▶ What you are asked to do
No pictures go into the copy. Write out exactly the lines below from the one containing "Лазерный диод не" through the one containing "women's 525 Pink".

▶ Provided entries

_ _ _ _ _

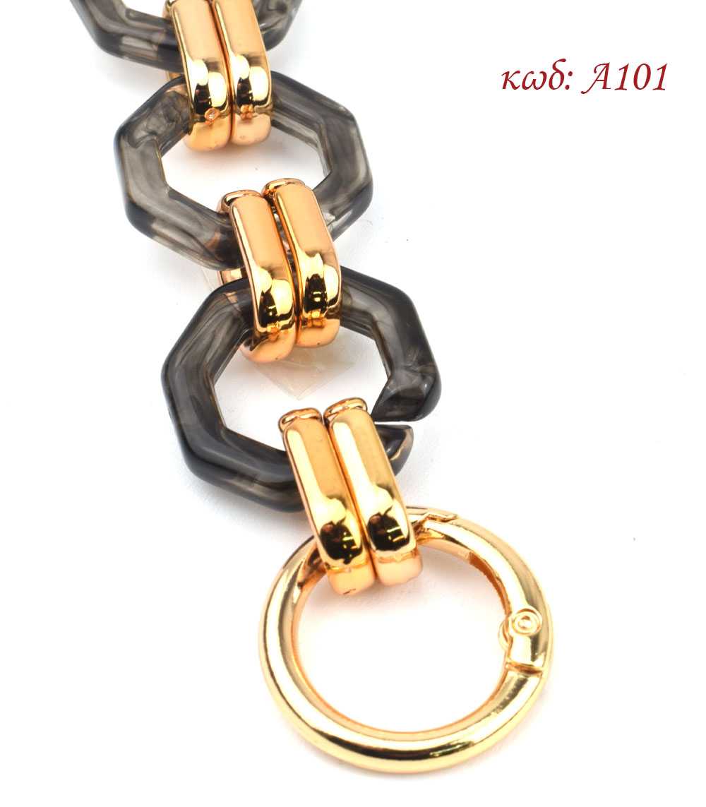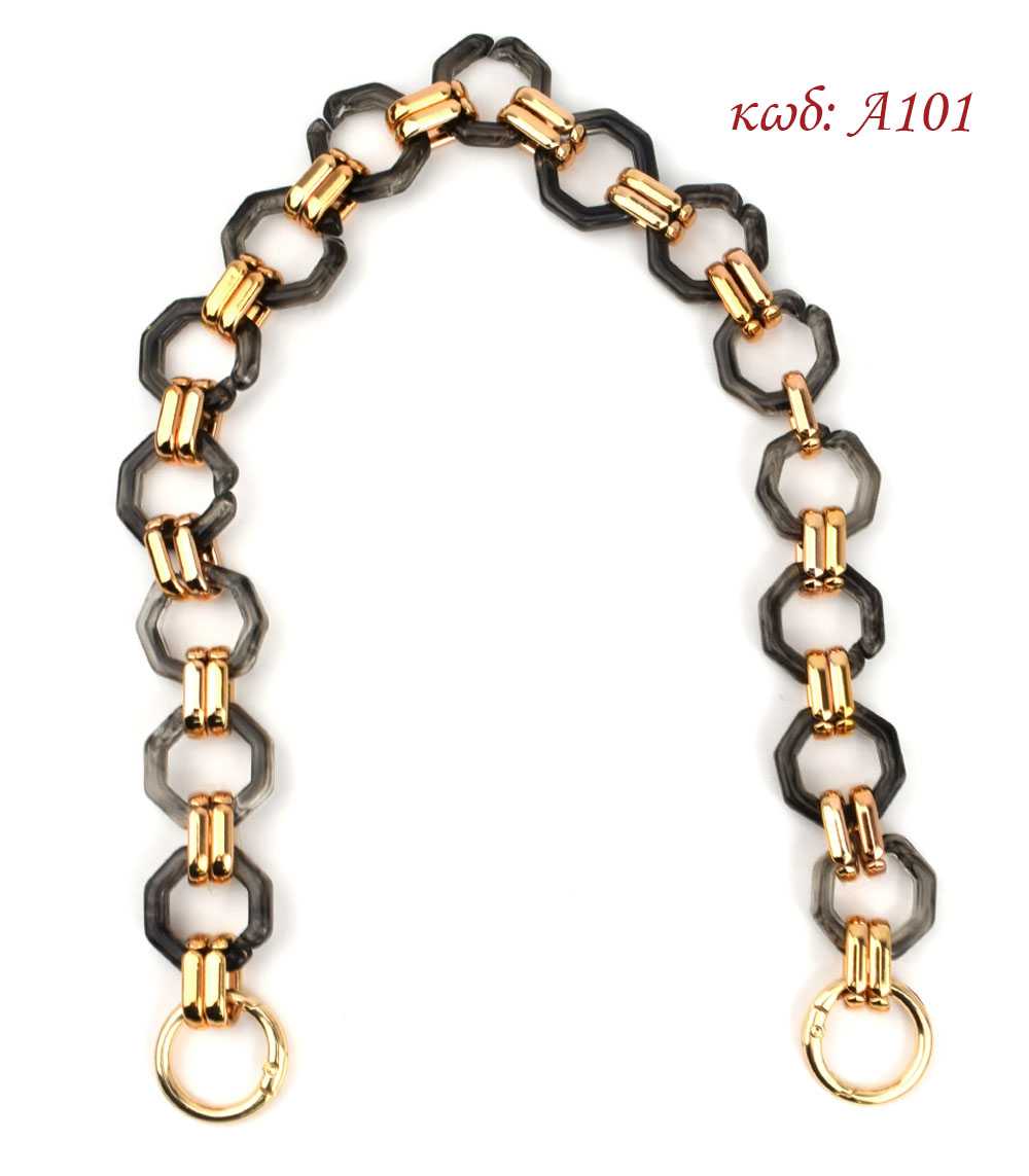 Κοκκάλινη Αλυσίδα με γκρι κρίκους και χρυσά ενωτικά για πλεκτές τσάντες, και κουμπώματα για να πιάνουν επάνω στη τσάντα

_ _ _ _ _

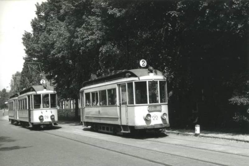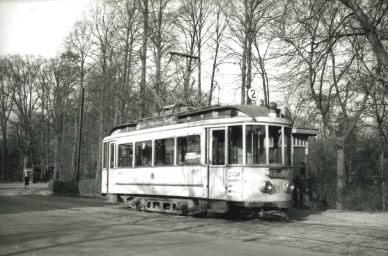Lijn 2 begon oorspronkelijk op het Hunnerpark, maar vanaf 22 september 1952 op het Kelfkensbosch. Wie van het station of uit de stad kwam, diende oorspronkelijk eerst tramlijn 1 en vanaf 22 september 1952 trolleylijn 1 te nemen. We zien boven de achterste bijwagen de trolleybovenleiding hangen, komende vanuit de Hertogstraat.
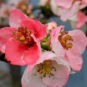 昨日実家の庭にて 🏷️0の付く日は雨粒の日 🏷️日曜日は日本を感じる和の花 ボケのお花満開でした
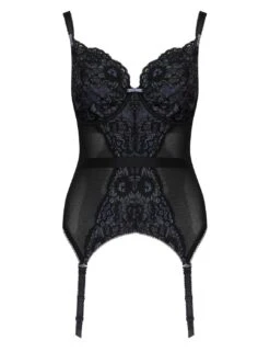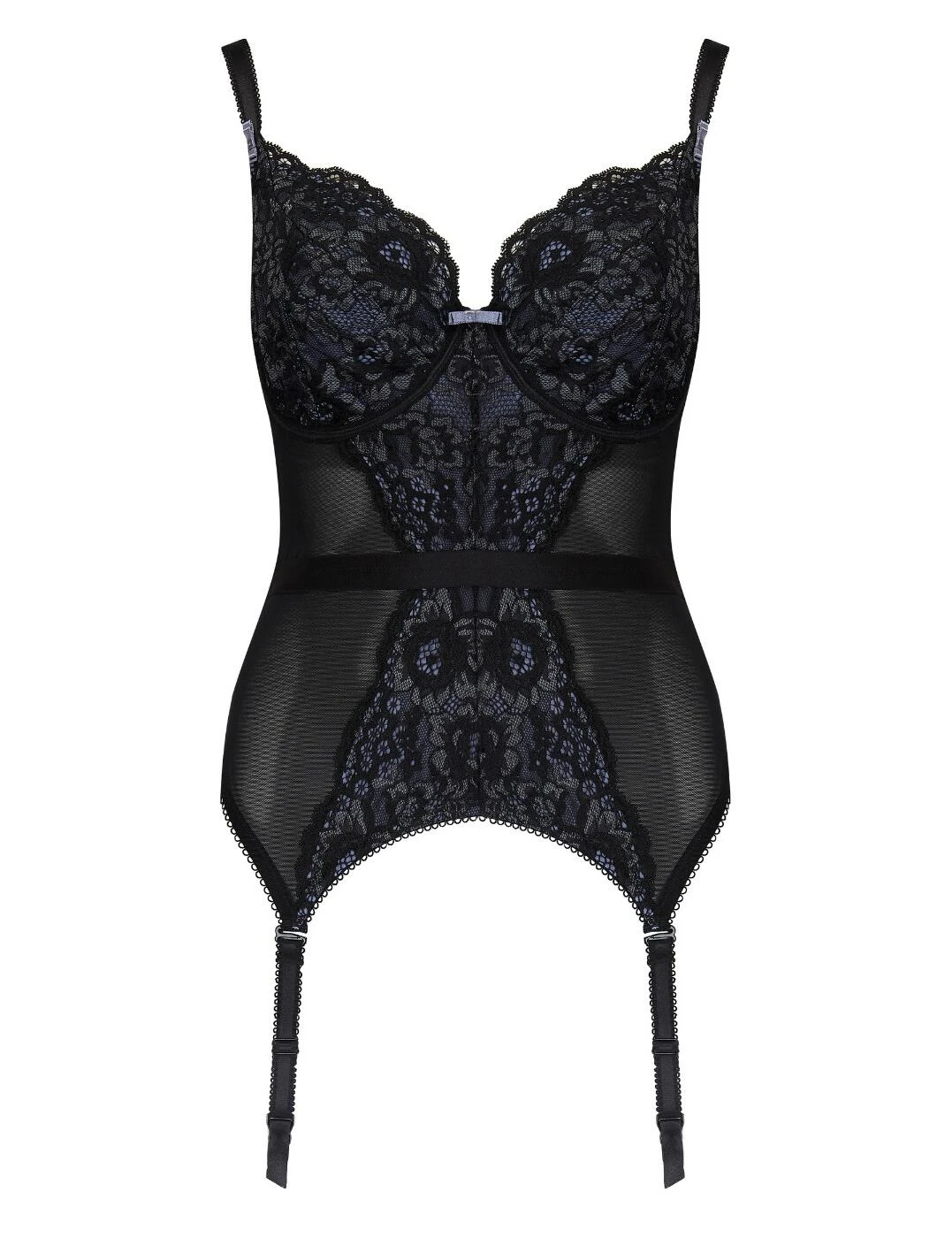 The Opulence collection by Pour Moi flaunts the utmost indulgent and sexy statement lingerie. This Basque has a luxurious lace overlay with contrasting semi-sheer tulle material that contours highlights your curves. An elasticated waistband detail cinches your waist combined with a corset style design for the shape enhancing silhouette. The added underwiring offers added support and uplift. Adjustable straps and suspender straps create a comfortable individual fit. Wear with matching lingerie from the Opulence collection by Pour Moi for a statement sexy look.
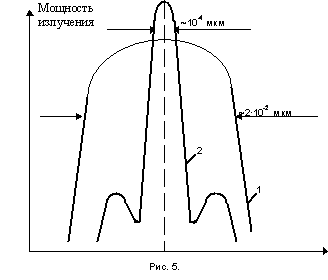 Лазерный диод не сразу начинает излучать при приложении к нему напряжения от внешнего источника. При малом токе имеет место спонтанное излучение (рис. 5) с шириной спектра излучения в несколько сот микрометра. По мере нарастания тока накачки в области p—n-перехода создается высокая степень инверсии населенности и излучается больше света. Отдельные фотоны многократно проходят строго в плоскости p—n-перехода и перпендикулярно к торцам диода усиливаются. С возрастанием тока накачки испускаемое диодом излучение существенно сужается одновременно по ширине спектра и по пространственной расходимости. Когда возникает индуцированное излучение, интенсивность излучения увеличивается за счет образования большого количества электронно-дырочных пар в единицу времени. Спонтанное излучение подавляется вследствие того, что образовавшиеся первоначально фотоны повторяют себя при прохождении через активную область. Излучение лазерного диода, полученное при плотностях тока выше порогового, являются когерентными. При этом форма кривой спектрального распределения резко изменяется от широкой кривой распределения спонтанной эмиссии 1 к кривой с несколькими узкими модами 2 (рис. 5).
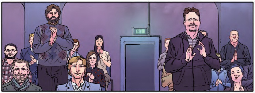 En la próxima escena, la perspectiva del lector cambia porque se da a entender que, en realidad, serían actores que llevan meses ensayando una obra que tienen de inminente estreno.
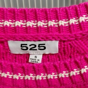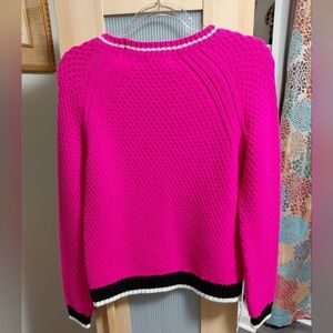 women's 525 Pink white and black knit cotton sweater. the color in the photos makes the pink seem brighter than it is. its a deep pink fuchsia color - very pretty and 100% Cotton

_ _ _ _ _

▶ Exercise solution
 Лазерный диод не сразу начинает излучать при приложении к нему напряжения от внешнего источника. При малом токе имеет место спонтанное излучение (рис. 5) с шириной спектра излучения в несколько сот микрометра. По мере нарастания тока накачки в области p—n-перехода создается высокая степень инверсии населенности и излучается больше света. Отдельные фотоны многократно проходят строго в плоскости p—n-перехода и перпендикулярно к торцам диода усиливаются. С возрастанием тока накачки испускаемое диодом излучение существенно сужается одновременно по ширине спектра и по пространственной расходимости. Когда возникает индуцированное излучение, интенсивность излучения увеличивается за счет образования большого количества электронно-дырочных пар в единицу времени. Спонтанное излучение подавляется вследствие того, что образовавшиеся первоначально фотоны повторяют себя при прохождении через активную область. Излучение лазерного диода, полученное при плотностях тока выше порогового, являются когерентными. При этом форма кривой спектрального распределения резко изменяется от широкой кривой распределения спонтанной эмиссии 1 к кривой с несколькими узкими модами 2 (рис. 5).
 En la próxima escena, la perspectiva del lector cambia porque se da a entender que, en realidad, serían actores que llevan meses ensayando una obra que tienen de inminente estreno.
 women's 525 Pink white and black knit cotton sweater. the color in the photos makes the pink seem brighter than it is. its a deep pink fuchsia color - very pretty and 100% Cotton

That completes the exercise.